Quittant Joppé, ils traversèrent la plaine de Saron, dont les roses sont célébrées par l'Écriture; mais l'hiver ne faisait que finir, et Saron n'avait point encore ses parfums. Deux endroits renommés se présentèrent d'abord sur leurs pas : à droite Arimathie, patrie de l'homme juste qui mérita l'honneur de donner son tombeau au Christ; à gauche, Nobé, plus sépulcre que ville, suivant le mot de Jérôme, ancienne bourgade lévitique dont le roi Saül, dans une de ses fureurs, avait fait passer au fil de l'épée tous les habitans parce qu'ils se déclaraient pour David. La petite caravane ne s'y arrêta pas : Diospolis au contraire la retint. Diospolis, ou plutôt Lydda, pour lui rendre son nom hébraïque, possédait dans ses murs un de ces trésors que Jérôme cherchait avec passion, et qu'il ne quittait qu'à regret quand il l'avait trouvé : c'était un Juif instruit qui pût le guider dans la connaissance des lieux qu'il parcourait et répondre à toutes ses questions.
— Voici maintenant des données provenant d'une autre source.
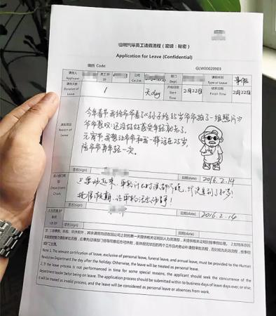 據(jù)悉,填寫(xiě)請(qǐng)假條的人是杭州一家大型汽車(chē)企業(yè)的員工顧先生,在請(qǐng)假條上,請(qǐng)假原因一欄寫(xiě)著“今年春節(jié),我給爺爺看了《孫子給85歲爺爺拍了一組照片》。爺爺感嘆,還沒(méi)好好感受年輕就老了……元宵節(jié)我想陪爺爺再年輕一次。”并在旁邊配上了手繪的“嘻哈老頑童”形象:墨鏡、棒球帽……儼然一副潮人模樣。

Le rabbin qui habitait Lydda était estimé de ses compatriotes non moins pour son caractère que pour son savoir. Jérôme se lia avec lui et le fit venir plus tard à Bethléem pour lire ensemble le livre d'Esther; mais le Juif ne donnait pas gratuitement ses leçons, et Jérôme se plaint d'avoir payé un peu cher le profit qu'il en tira. Ce qu'il fit à Lydda, il le répéta tout le long de la route. Quand il ne trouvait pas de savans, il s'adressait aux habitans et aux guides. Lui-même nous raconte avec une joie naïve que, sur les indications d'un « certain Hébreu, » il découvrit la vraie position d'un village sur lequel les commentateurs de la Bible avaient longtemps disputé. Chemin faisant, il prenait des notes qui lui servirent plus tard et auxquelles il dut dans la discussion des textes sacrés ce caractère de certitude qui fonda son autorité; mais aussi quel voyageur que Jérôme, et quel charme que ce voyage pour ses savantes amies!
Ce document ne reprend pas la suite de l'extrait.